To find out how many grams of aluminum oxide can form, you'll need to use the molar ratios provided in the balanced equation and then convert the given quantities into moles. Here's how you can solve this problem step by step:
Step 1: Find the molar mass of each element.
The molar mass of aluminum (Al) is 26.98 g/mol, and the molar mass of oxygen (O) is 16.00 g/mol.
Step 2: Convert the given quantity of aluminum into moles.
Given: 0.54 moles of aluminum
Step 3: Convert the given quantity of oxygen into moles.
Given: 7.80 g of oxygen
To convert grams of oxygen to moles, use the molar mass of oxygen:
7.80 g O₂ × (1 mol O₂ / 32.00 g O₂) = 0.24375 moles of oxygen
Step 4: Determine the limiting reactant.
Compare the moles of aluminum and moles of oxygen. The reactant that is completely used up will limit the amount of product (aluminum oxide) that can be formed.
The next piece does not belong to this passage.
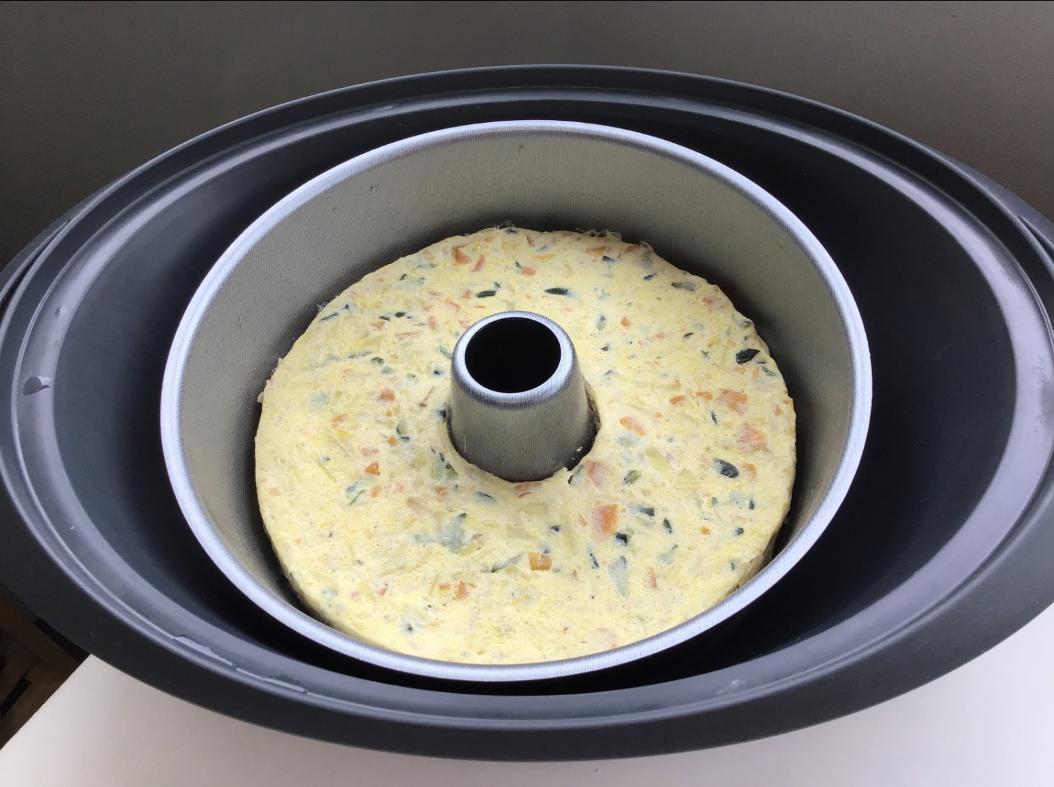 9.-Retire el Varoma y deje templar el pastel. Desmolde en una bandeja y sirva templado o frío. Puede servir acompañado de mayonesa.

The balanced equation indicates that the stoichiometric ratio of aluminum to oxygen is 4:3.
To determine the limiting reactant, calculate the moles of each reactant needed to react with the other:
- For aluminum, (0.54 moles Al) × (3 moles O₂ / 4 moles Al) = 0.405 moles O₂
- For oxygen, (0.24375 moles O₂) × (4 moles Al /3 moles O₂) = 0.325 moles Al
Since oxygen requires less moles than aluminum, it is the limiting reactant.
Step 5: Calculate the moles of aluminum oxide formed.
According to the balanced equation: 4Al + 3O₂ → 2Al₂O₃
From the limiting reactant, oxygen (O₂), we can deduce the number of moles of aluminum oxide (Al₂O₃) formed.
- Moles of Al₂O₃ = (0.24375 moles O₂) × (2 moles Al₂O₃ / 3 moles O₂) = 0.1625 moles Al₂O₃
Step 6: Convert moles of aluminum oxide into grams.
To convert moles of aluminum oxide to grams, use the molar mass of aluminum oxide (Al₂O₃):
0.1625 moles Al₂O₃ × (101.96 g Al₂O₃ / 1 mol Al₂O₃) = 16.58 grams of aluminum oxide
Therefore, when 0.54 mole of aluminum is reacted with 7.80 grams of oxygen, approximately 16.58 grams of aluminum oxide can form.